The International Energy Agency Energy Conservation through Energy Storage Program (ECES) has held a three-year global energy conference since 1981. The conference initially focused solely on STES, but now the technology has matured other topics such as material phase change ( PCM) and electrical energy storage are also being discussed. Since 1985 every conference has a "stock" (for storage) at the end of its name; such as EcoStock, ThermaStock. They are held in various locations around the world. The latest one is InnoStock 2012 (12th International Conference on Thermal Energy Storage) at Lleida, Spain and GreenStock 2015 in Beijing. EnerStock 2018 will be held in Adana, Turkey in April 2018.
The IEA-ECES program continues the previous work of the International Council for Thermal Energy Storage which from 1978 to 1990 has quarterly bulletins and was initially sponsored by the US Department of Energy. This newsletter was originally called Newsletter ATES, and after BTES became a viable technology converted into the STES Newsletter.
Maps Seasonal thermal energy storage
Use STES for passively heated buildings
Passively heated passive buildings typically use ground adjacent to the building as a low-temperature seasonal summer store that in annual cycles reaches the maximum temperature equal to the average annual air temperature, with temperatures drawn for heating in more months cold. Such a system is a feature of building design, as some simple but significant differences from 'traditional' buildings are required. At a depth of about 20 feet (6 m) on the ground, temperatures are naturally stable over the year, if withdrawal does not exceed the natural capacity for solar thermal recovery. The storage system operates within a narrow storage temperature range for a year, compared to other STES systems described above for large annual temperature differences.
Two basic technologies of building a passive sun were developed in the US during the 1970s and 1980s. They utilize heat conduction directly to and from soils that are thermally insulated and protected by moisture as a seasonal storage medium for heating the room, with direct conduction as a method of heat recovery. In one method, "passive annual heat storage" (PAHS), building windows and other exterior surfaces capture the heat of the sun being transferred by conduction through floors, walls, and sometimes roofs, to adjacent thermal buffered soils.
When the interior space is cooler than storage media, the heat is carried back to the living space. Another method, "annual geothermal solar" (AGS) uses a separate solar collector to capture heat. The heat collected is transmitted to a storage device (earth, gravel or water tank) passively by convection of heat transfer media (eg air or water) or actively by pumping it. This method is usually carried out with a capacity designed for six months of heating.

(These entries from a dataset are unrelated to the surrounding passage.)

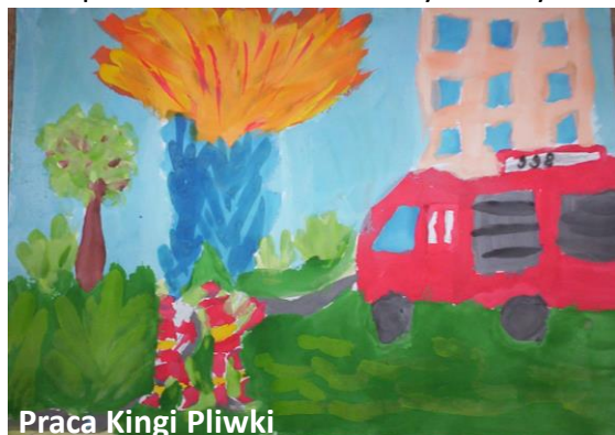
Praca Kingi Pliwki

Uczniowie kl. 1b wzięli udział w konkursie plastycznym „Zapobiegajmy pożarom”. Najpierw zapoznali się z zadaniami, które wykonują strażacy. Potem postarali się namalować niebezpieczną pracę strażaków w czasie pożarów. Organizatorem Ogólnopolskiego Konkursu Plastycznego był Oddział Wojewódzki Związku Ochotniczych Straży Pożarnych w Lublinie oraz Zespół Placówek Oświatowych w Dysie. Poniżej prace przekazane do etapu szkolnego.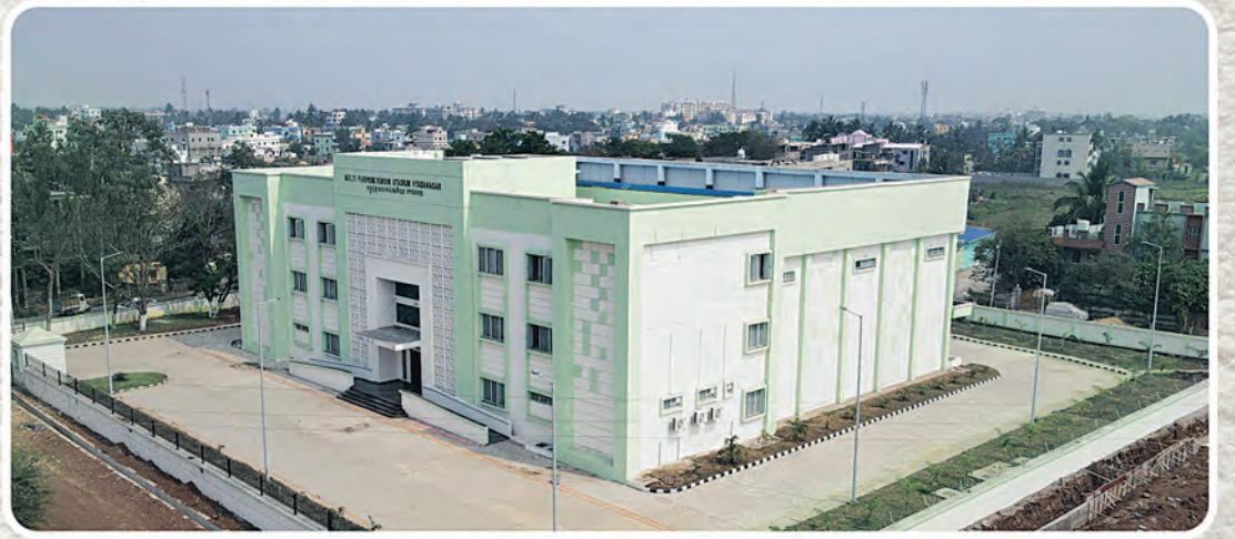
୪୮ଟି ବହୁମୁଖୀ ଇନ୍ଡୋର ଷ୍ଟାଡ଼ିୟମ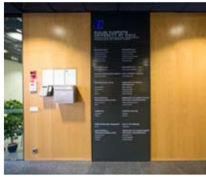
SL-seinäopaste, vaihdettavilla tekstiprofiileilla (Oulun Yliopisto)

A number of examples of the use of solar thermal storage from around the world include: Suffolk One college in East Anglia, England, which uses heat collectors from pipes grown in the bus bend area to collect solar energy which is then stored in 18 boreholes each 100 meters (330à , Ft) is far away for use in winter heating. Drake Landing Solar Community in Canada uses a solar thermal collector on the roof of a garage of 52 homes, which is then stored in a boreholes arrangement in 35 meters (115Ã, ft). The soil can reach temperatures in excess of 70 ° C which is then used to heat the house passively. This scheme has been running successfully since 2007. In BrÃÆ'Ã|dstrup, Denmark, about 8,000 square meters (86,000 sqÃ, ft) of solar thermal collectors are used to collect about 4,000,000 kWh/year equally stored in an array of 50 meters (160Ã, ft). ) deep drill holes.
Liquid engineering
Architects Matyas Gutai obtained an EU grant to build a house in Hungary that uses wall panels filled with vast water as heat collectors and reservoirs with underground heat storage tanks. Design using microprocessor control.

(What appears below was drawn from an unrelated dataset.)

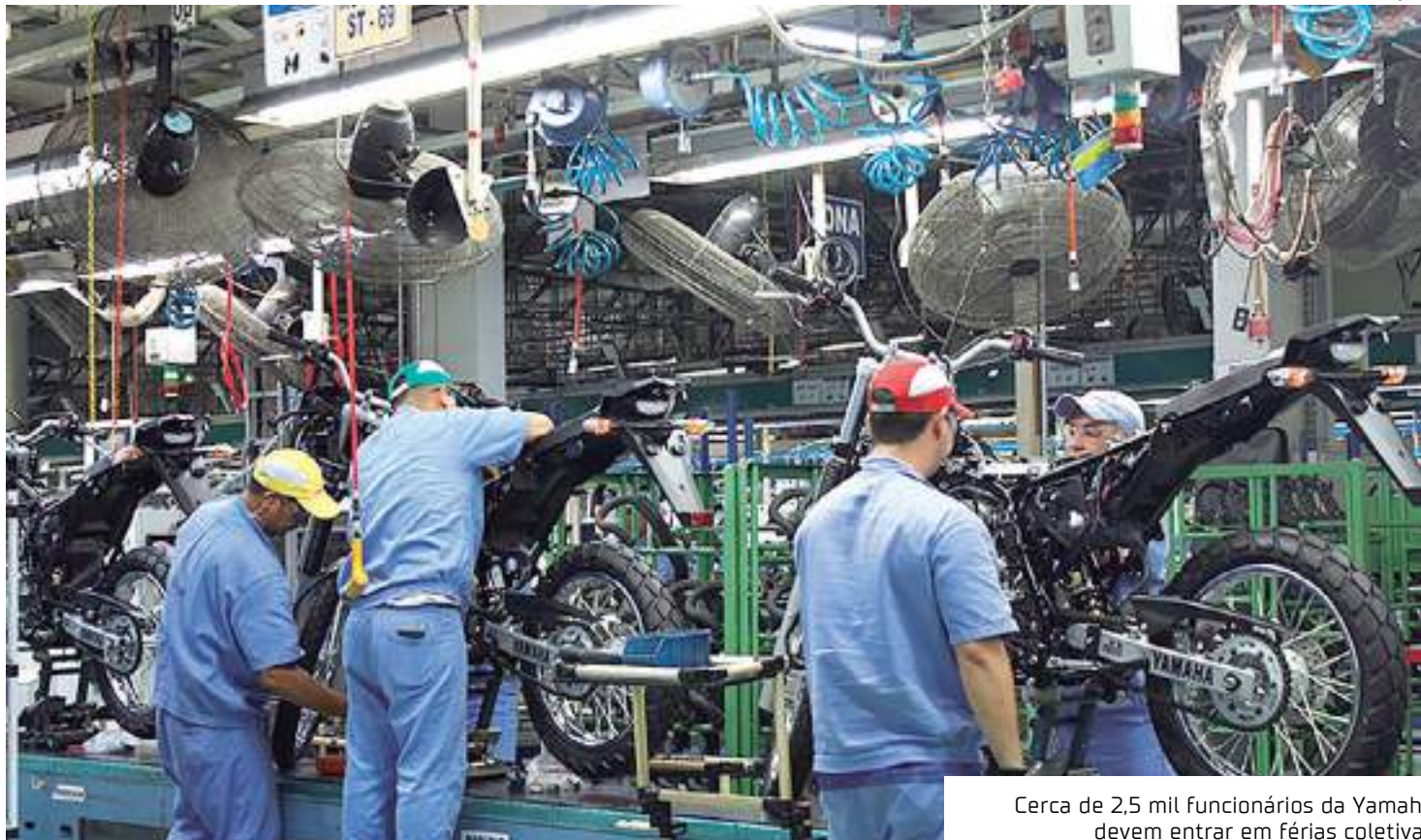
Cerca de 2,5 mil funcionários da Yamaha devem entrar em férias coletivas

Ao EM TEMPO, a Yamaha ainda apontou que a projeção é que 2,5 mil funcionários

Small building with STES internal water tank
A number of small apartment houses and buildings have demonstrated incorporating a large internal water tank for heat storage with a solar thermal collector mounted on the roof. Storage temperatures of 90Ã, à ° C (194Ã, à ° F) are sufficient to supply domestic hot water and space heating. The first house was MIT Solar House # 1, in 1939. An eight-unit apartment building in Oberburg, Switzerland was built in 1989, with three tanks storing a total of 118 m 3 (4,167 cubic feet) more heat than the building needs. Since 2011, the design is now being replicated in new buildings.
In Berlin, "Zero Heating Energy House", was built in 1997 as part of the IEA Task 13 low-energy housing demonstration project. It stores water at temperatures up to 90 Ã, à ° C (194Ã, à ° F) in a 20 m tank 3 (706 cubic feet) in the basement.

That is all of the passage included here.